他试着往前走了几步,“嘭”地一声撞到了桌子。他皱着眉头,摸清楚了桌子的四条边,约莫估计了桌子的大小,还有床与桌子之间的距离。
桌子中间放着一个茶壶,旁边还有几个叠在一块的杯子,他虽然口干舌燥,但还是忍住不去碰那来历不明的水。他往左边走了几步,扶住墙壁缓缓向前。他又碰到了一张桌子,但与刚才的八仙桌不同,桌上摆放了一些物品。
他拿起一个盒子,拧开盖子闻了一下,是香粉的味道,旁边还有一块光滑的东西,大概是个镜子。他哼了一声,把香粉放下盖好,继续往前去了。
走了几步,他总算摸到了门栓,上面没有锁,是虚掩着的。他迫不及待地打开门,微凉的空气迎面而来,自由的感觉真好!他一时高兴,就想离开这里,却没注意脚下高高的门槛,被绊了一个踉跄就要摔倒。
忽地有人扶住了他,那人身上散发着刚才他闻到的香粉味道。他反应过来,甩开来人的手,冷哼了一声。
沈安歌并不恼,她笑道:“哎哟,精神不错嘛!”
沈定稍稍侧身,以耳朵对着她,不耐道:“你想怎样?”
“我来给你治手啊!”话音刚落,沈安歌已经伸手扣住沈定的右手手腕,检查他的伤势。
沈定奋力把手抽出,却敌不过一身武功的沈安歌。他挣扎了几下没有效果,挥起左手在空中乱舞一通,想借以赶走她。
沈安歌身法很快,她左闪右避一番,扣住沈定的手却是不动。他挥得累了,动作缓了下来,怒道:“你究竟想怎样?”
对付这种偏激的人,单是一味单纯的对他好是行不通的,还要加以刺激。沈安歌忽地放开沈定,他没有准备,晃了几下差点摔倒。她没有扶他,只是说:“你若想重新握剑,就得配合我。”

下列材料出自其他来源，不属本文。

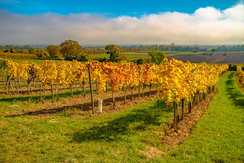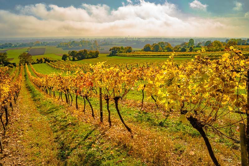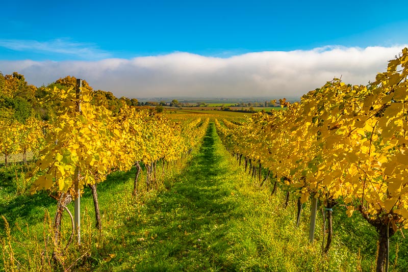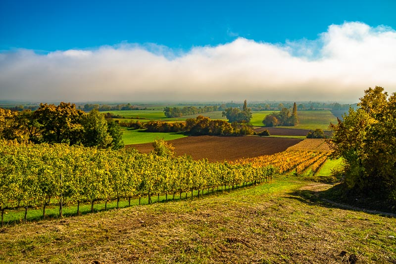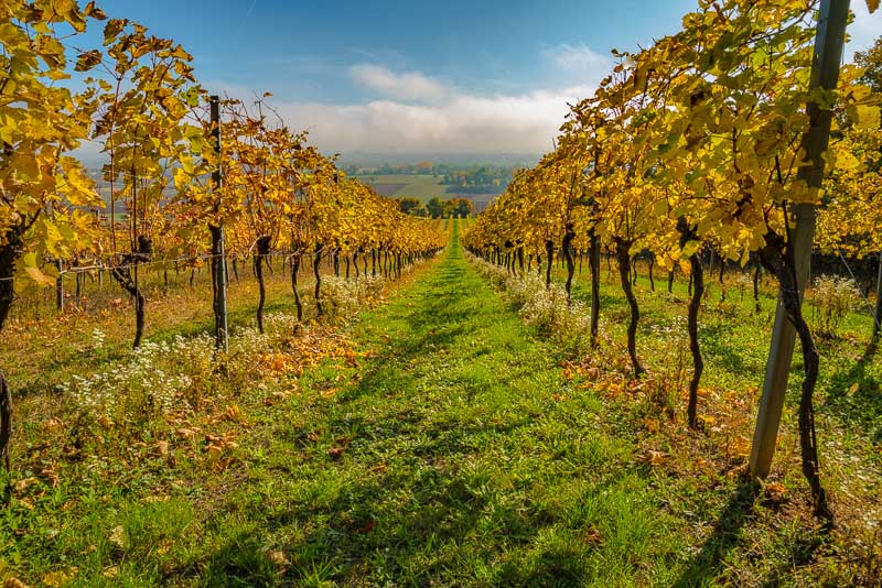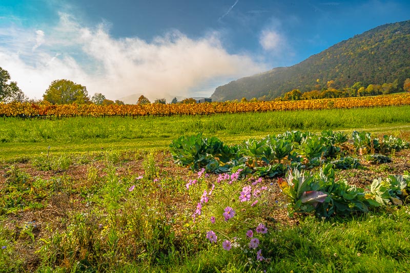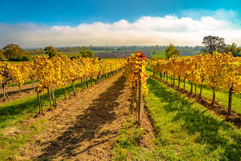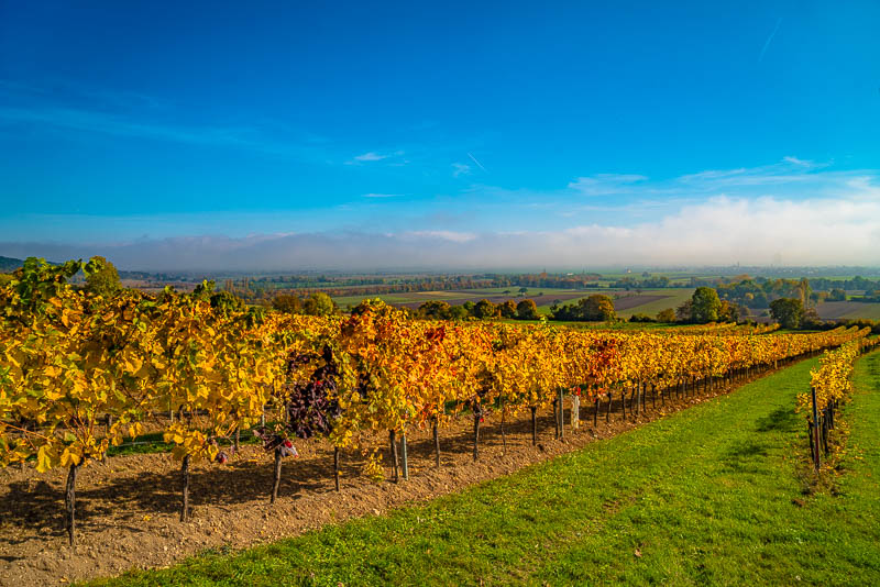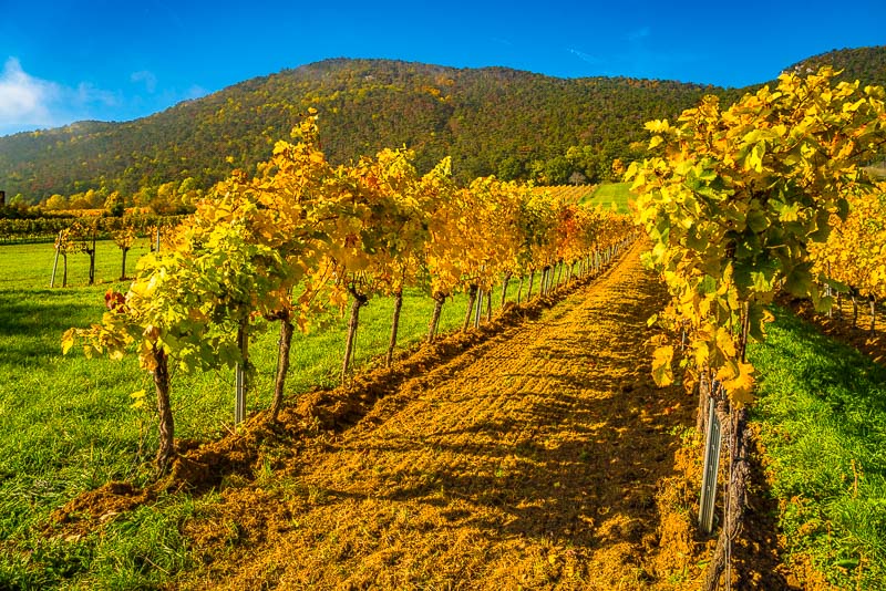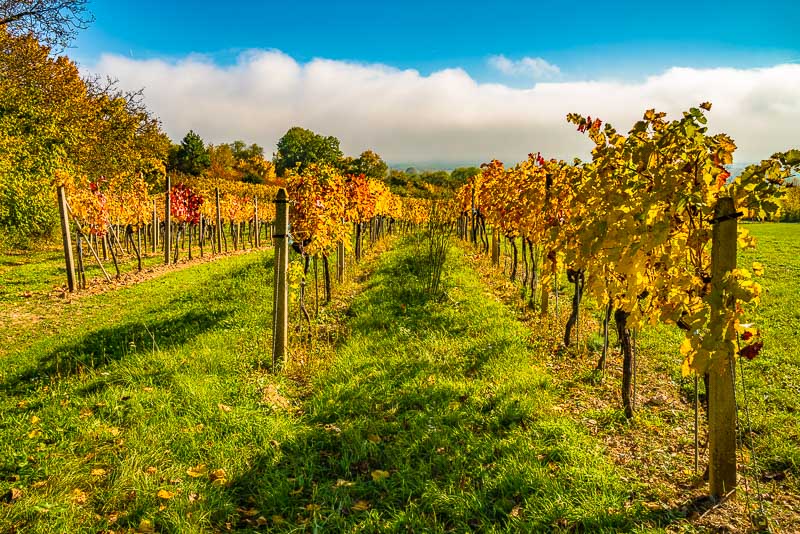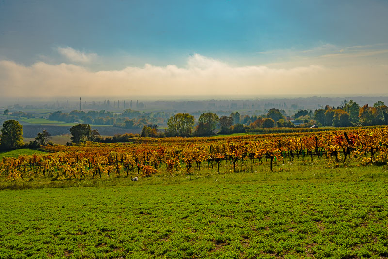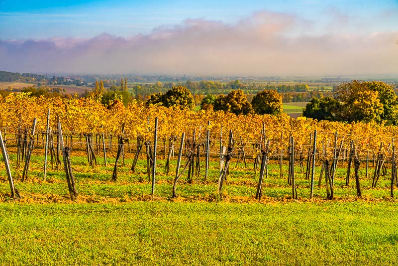 Heute früh ist es neblig. Gegen Mittag lichtet sich aber der Nebel und die Sonne kommt heraus. Ich beschließe, mit Lucy und Bella durch die Weingärten zu wandern.
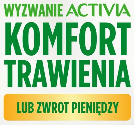 W ramach Wyzwania Activia możesz zakupić produkty Activia, jeść je regularnie przez minimum 14 dni, a jeśli **nie odczujesz poprawy komfortu trawienia – zgłosić swój udział i otrzymać zwrot kosztów zakupionych produktów (po spełnieniu warunków i zgłoszeniu w formularzu).
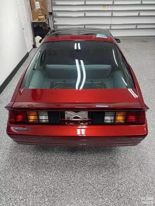 而让它身价倍增的,是近乎“出厂即封存”的极致车况。1987年,它从北卡罗来纳州温斯顿塞勒姆的Modern Chevrolet 4S店交付给首任车主,随后便被送进恒温车库,开启了长达37年的“沉睡”时光。104英里的里程,大概率只是从经销商到车库的距离,此后再也没真正上过路。如今它的状态,用“ showroom fresh”形容毫不为过:深邃的红色原厂车漆依旧光泽饱满,没有一丝划痕或褪色;原厂轮毂与轮胎保持着全新状态,胎毛或许都还在;内饰的灰黑配色座椅、中控台、门板,没有任何使用痕迹,塑料件的光泽感依旧,仿佛下一秒就能开出展厅。
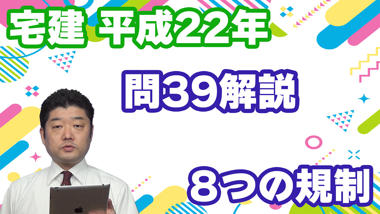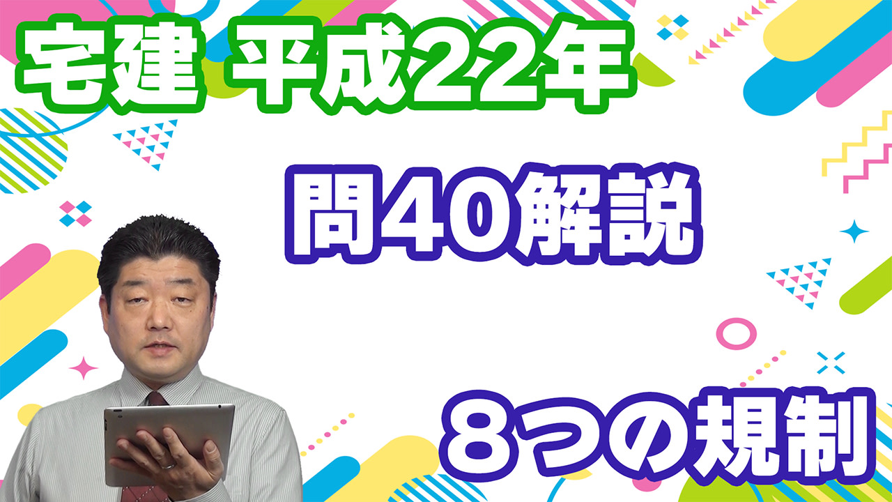 8つの規制に関する問題。「契約不適合担保責任の期間制限定」、「損害賠償額の予定」、「手付解除」、「他人物売買」について問われています。
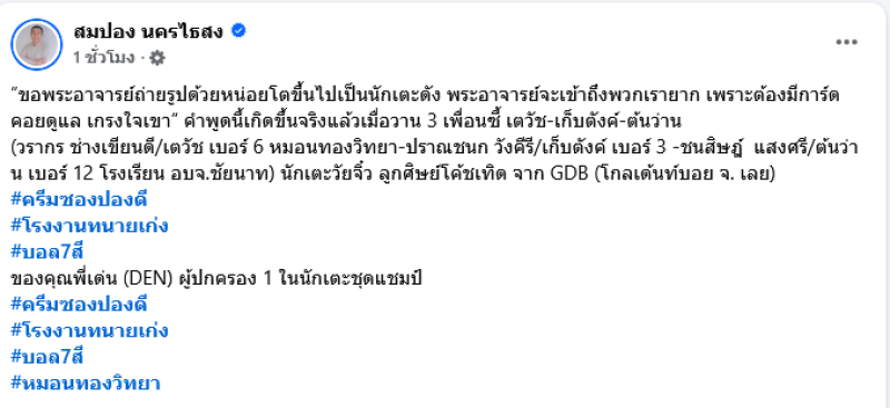 ล่าสุด สมปอง นครไธสง ได้ออกมาโพสต์ภาพเมื่อหลายปีก่อน ขณะบวช กับนักเตะวัยจิ๋ว ซึ่งกลายเป็นไวรัลสนั่นโซเชียลกับ หมอนทองวิทยาเเละอบจ.ชัยนาท พร้อมเขียนแคปชั่นระบุว่า ขอพระอาจารย์ถ่ายรูปด้วยหน่อยโตขึ้นไปเป็นนักเตะดัง พระอาจารย์จะเข้าถึงพวกเรายาก เพราะต้องมีการ์ดคอยดูแล เกรงใจเขา
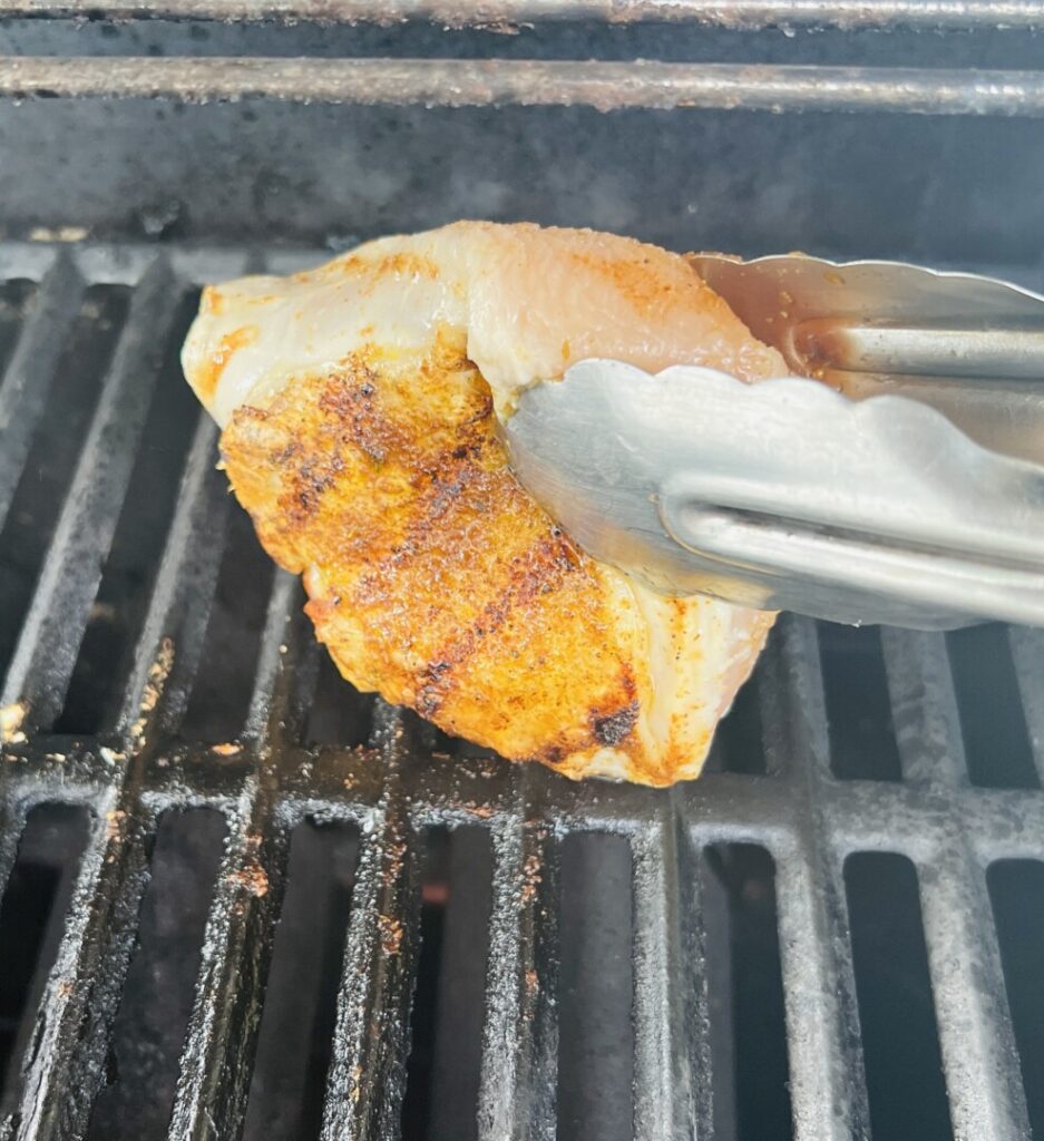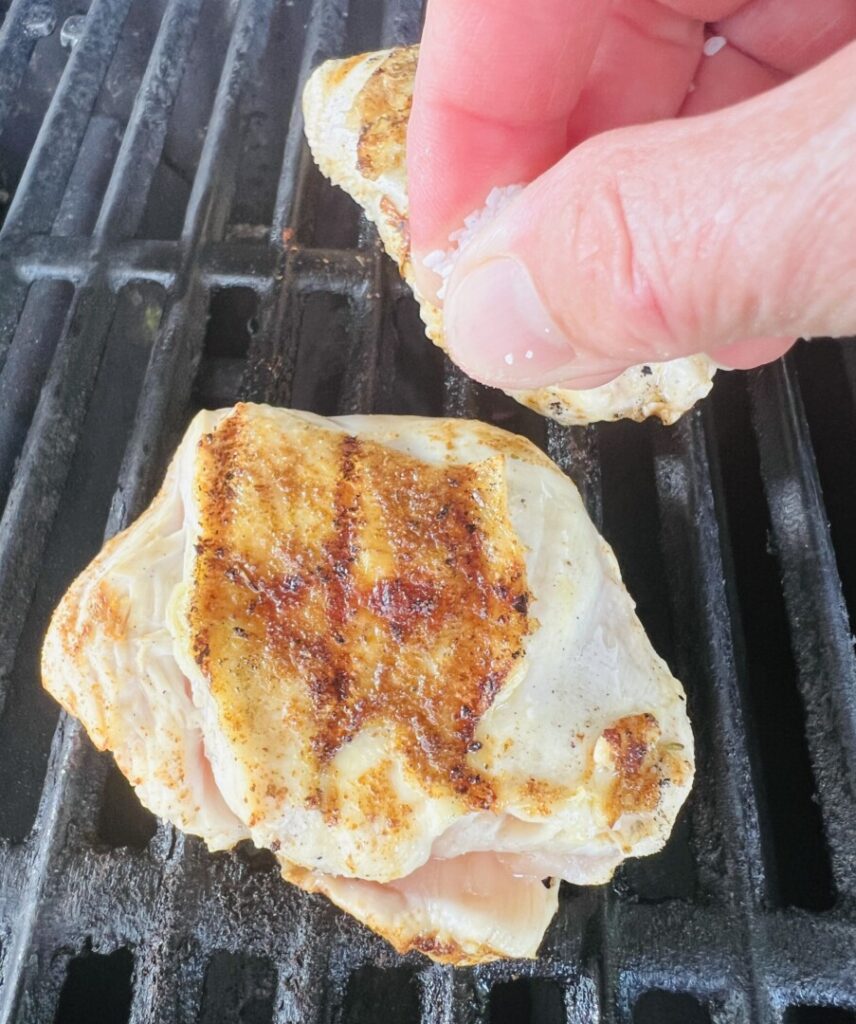 - Squeeze the remaining oil onto the non-skin-side of the chicken breast and turn it over. Grill about 1 minute longer. Depending on the salt content of your Cajun seasoning, you may want to season the chicken with salt.
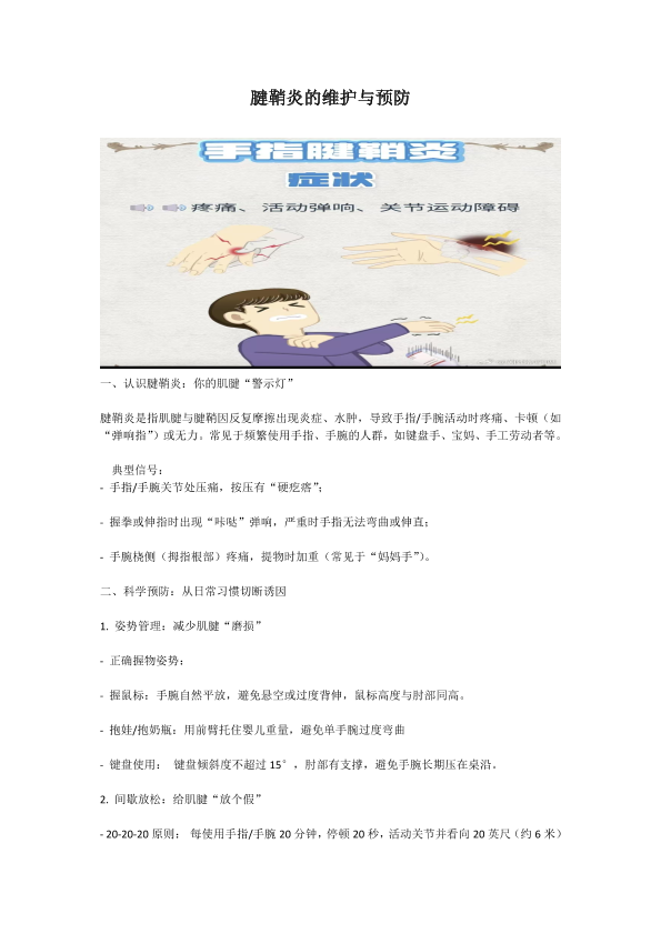 腱鞘炎的日常维护

沈定没有理她,他伸直手臂,探索着前方的障碍物,想要离开。
沈安歌绕到沈定面前,说:“你现在眼不能视物,手不能用剑,贸然回到江湖,你以为你还能活下来么?”她点点下巴,说:“我们来场交易如何?”
哼,她总算是说出这句话了。之前装什么友心善心,都是假的,她也不过是想从他身上套得剑谱罢了。沈定仰天长笑,说:“沈安歌,你可知道我的家传剑法,不是给女人练的。”
沈安歌摸摸鼻子,说:“我没说我要练,你若能重新握剑,在我面前耍一次就可以了。”
看来她是想记下来告诉别人去。沈定冷笑道:“若我不愿意呢?”
沈安歌拾起一根树枝,碰了碰他的手掌,说:“你会愿意的。来,试试。”
沈定右手接过树枝,尝试着甩了甩。奇了怪了,他的手腕似乎比之前要有力了些,树枝也没有脱手。他加大了力度,又甩了几下,手腕处传来一阵熟悉的疼痛感。他一时吃痛,心有不舍地扔掉树枝,左手不停地按摩着右手手腕。
“你刚才昏迷的时候,我已经给你施了第一次针,怎样?虽然没有立竿见影,但也有进步了吧?”沈安歌围着沈定转了一圈,说:“我看你也是个练武之才,若是双手就这样废了,你不觉得可惜么?你倒不如乖乖听话,配合我的治疗,大家各取所需啊!”
沈定心想:看来这女人还是有点真本领。其实她说得没错,以我现在这样的身体走出去,还不知道能存活多久。倒不如破釜沉舟赌一把,他日我能握剑的话,也能自保。
他微微颔首,说:“如果你能让我重新使剑,我就在你面前使一次剑法。”
沈安歌满意地点点头,说:“孺子可教也。”她拾起沈定的右手,这次他没有那么抗拒,只是缩了缩就任凭她拿捏了。
她又说:“你这双手筋脉都断了,我要把你的皮肉割开,为你接筋。”她以手指在他的手腕处作出比划的动作,说:“会很疼,我给你点麻醉药,睡一觉就没事了。”
经沈安歌一触,沈定的手腕处传来一阵麻麻的触感。除了王小策,他还没有和哪个年轻女子如此接触过。他抽回右手,说:“我不需要麻醉,我能扛住。”
这下轮到沈安歌吃惊了。在她手下医治过的人,没有上百也有数十,她还是第一次听人说有麻醉不愿意使用的。他这种人,多疑、敏感,自尊心又重,旁人还劝不得。她摇摇头,不动声息地去准备手术的材料了。